What happens to human excreta these days?I remember i !950 spending 3 weeks in Colombo harbour with another dozen or so ships all voiding their fecal matter into the harbour.It didn't deter us from swimming as ther wasn''t anything else to do.It didn't do me any harm and 62 years I don't expect it will.Before going to sea I often worked in dry docks and the dodging of Fecal matter was an ever present occupational hazard."the good old days"
Jim Garnett


----------



## surfaceblow

The ships now have sewage treatment plants and holding tanks. 

Joe


----------



## TOM ALEXANDER

jim garnett said:


> What happens to human excreta these days?I remember i !950 spending 3 weeks in Colombo harbour with another dozen or so ships all voiding their fecal matter into the harbour.It didn't deter us from swimming as ther wasn''t anything else to do.It didn't do me any harm and 62 years I don't expect it will.Before going to sea I often worked in dry docks and the dodging of Fecal matter was an ever present occupational hazard."the good old days"
> Jim Garnett


Ah! The good old days --- one of the first jobs of the deck apprentices after all fast and FWE was to rig the "sh1t chutes" over the discharge ports so that the effluent would be directed into the harbour, rather than over the quay, or barges alongside.


----------



## Mike S

Ah yes........memories of working a tug alongside the quarter of an Indian ship flying light!

(EEK)


----------



## Jocko

william dillon said:


> How many fish told you that, I personally have pumped this S**t over the side & would not like to be on the receiving end !!


Hey Billy, pull your neck in, I didn`t design the ships engineroom. Consider the fact that today one single supertanker goes aground and causes more pollution than the entire merchant fleet of the 50s and 60s.(Gleam)


----------



## Varley

I suppose there must have been, perhaps still are, a few who put sh.. over the wall while having facilities to avoid it but it is the modern media who have misled the public into believing that it's done willfully. We are paid to carry the stuff or burn it, not to spill it!


----------



## chadburn

Varley, unless you have a "secret" pipe like a well known shipping company had fitted to it's vessel's.(*)) Fortunatly my last year's at sea we criss-crossed the Atlantic which was the place I would give the word to dump, dumping in the Med was a No,No.


----------



## MARINEJOCKY

Getting real bad fuel and then having to dig that rock solid sludge out of the purifiers in the hottest flat in the shipbefore carrying the buckets up to the deck and dumping it (usually at night) into the big locker. 

I had to deal with one of our ships being arrested in Montreal, it to was criss crossing the Atlantic and did not realize that there was some big rock off Canada that they use for there terrotorial waters. Our ship dumped its sludge and tanks and the Canadians spotted it. They had/have a plane that dives down to take a sample and then go after the ship. 

The oily water seperators were kept in pristine condition for when ever the coastguard etc came on board and I can not remember using one while deep sea. 

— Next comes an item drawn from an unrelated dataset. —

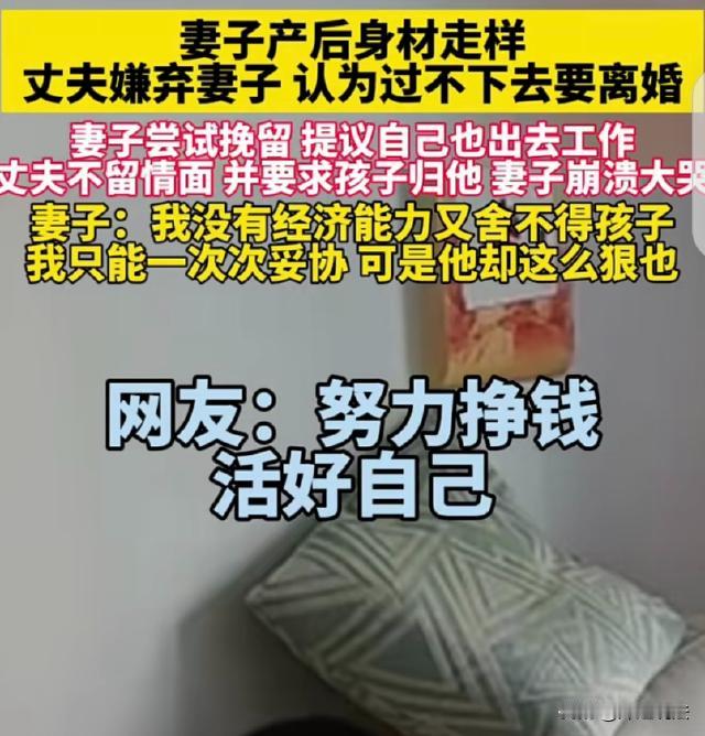 这种事可不在少数。一女子年轻时身材苗条,嫁给丈夫之后一心想要给他生娃。生产之后却身材走样,脸上也开始松弛下垂。丈夫看到她感到无比嫌弃,夫妻生活也说没了兴趣,然后就提出要离婚,实在过不下去了。根据女子了解,丈夫在外面已经有了外心,谈了个年轻的。女子哭诉想要挽留,甚至说愿意外出打工挣钱,但是丈夫不为所动,还让女子净身出户。 或许,婚姻中的女人,越是卑微,越是讨好,越是让丈夫瞧不起她。 然而现实生活中,这样的例子,也不在少数。 一女子在年轻的时候,身材也是非常出挑的,面容也姣好,所以她跟丈夫就陷入了爱河,之后就走进了婚姻的殿堂。 结婚之后,女子一心想要给丈夫传宗接代,没多久就怀孕了,之后就生下了小孩。 本来经历了一场生产的鬼门关,身体非常虚弱,作为丈夫,更加应该体谅妻子的苦。 可是,没想到这场渡劫,却遭到了丈夫的嫌弃。 生完孩子之后,女子原本苗条的身材,逐渐走了样。由于吃的比较多,女子的腰部甚至还多了几层赘肉。 再照照镜子,看看镜子里的自己,女子看到自己的脸蛋也是圆圆的,低头还能看到双下巴,甚至整个脸都是下垂松弛的。 不仅自己觉得不好看,丈夫更加是看在眼里,对眼前的妻子,表现得很不耐烦,同时还多了一些厌恶。 女子甚至还开始察觉,丈夫回家越来越晚,之后就像是变了一个人。 回到家,面对妻子,丈夫更加是拉长了脸,没有半点的开心,眼神里全都是嫌弃。 可能自此之后,丈夫完全就变心了,到了夜晚,睡觉距离妻子一米远,根本就不想进行半点夫妻生活。 日子就这样一天天的过了,妻子想要丈夫帮忙带孩子,丈夫直接就暴躁起来:“你自己看看你自己吧,不要说我好不好。你看看你的脸,还有你的身材,这日子我实在过不下去了。” 之后女子才知道,丈夫早就有了外心,他自己也承认,他想要离婚,想要跟婚外那个年轻的女人生活。 听到这话,女子直接一整个呆住了,简直不敢相信自己的耳朵。 “曾经对我很好的人,如今怎么能说出这么心狠的话?”女子非常伤心,一直在大声痛哭。 她想要挽留丈夫,她还承诺:以后她会出去打工,努力挣钱,帮助家庭减轻负担, 可是如今的丈夫,十头牛都拽不回他的心,他就像一块冷冰冰的石头,不为所动。甚至还主动说不要孩子,让妻子带着孩子走,让她净身出户。 嫁错了人,毁掉了一生,看看,这是否就是很现实的悲剧。 本案释法: 男子看到妻子成为黄脸婆就嫌弃,有了歪心想要跟年轻的女子结婚,甚至还提出不要孩子,让女子净身出户。如何评价这位男子的行为? 根据《民典法》规定,法律从未规定背叛感情的一方可以让另外一方放弃全部财产,法律不会支持感情的背叛者可以“零成本甩锅”。 妻子作为无过错方,甚至还可以主张多分配财产。根据《民法典》第1087条明确规定,当夫妻俩离婚的时候,分配财产时应该照顾无过错方、女方以及子女的权益。 而且,未成年孩子,不可以成为父母“要跟不要”的抉择,这是必选项,必须要承担的义务。根据《民法典》第1058条规定,父母对于未成年子女有共同抚养、教育、保护的义务,不得推诿。 如果这位丈夫提出不想要孩子,那么他提出的离婚诉求,相关部门则不会予以支持。 本案中的女子,因为给丈夫生孩子,身材走样,而且还遭受了生孩子的痛苦,作为丈夫应该给以体谅,不是说对方是黄脸婆,甚至还嫌弃,这种长期的贬低、冷暴力,会给妻子带来严重的精神痛苦,已经构成了“其他重大过错”。 所以说,这位丈夫,他有错。而妻子,她不该选择妥协。 本案例是否也给其他女性提醒了呢:嫁人之前,一定要擦亮眼睛,要看清对方的人品。 还有就是,女人可不能因为孩子就失去自我,要有自己的事业,有自己的生活和追求,这样才能在婚姻里有话语权。 嫁错人,暗淡的生活,最后可能真的就是毁了自己一辈子。 对此,您怎么看呢?

Now it is definately the poacher turned gamekeeper as I am involved in water & waste treatment systems. 

and remember that many studies have shown that the earth has many underwater gushers spewing more oil into the seas than any number of ULCC's spilling there cargo's.


----------



## Varley

chadburn said:


> Varley, unless you have a "secret" pipe like a well known shipping company had fitted to it's vessel's.(*)) Fortunatly my last year's at sea we criss-crossed the Atlantic which was the place I would give the word to dump, dumping in the Med was a No,No.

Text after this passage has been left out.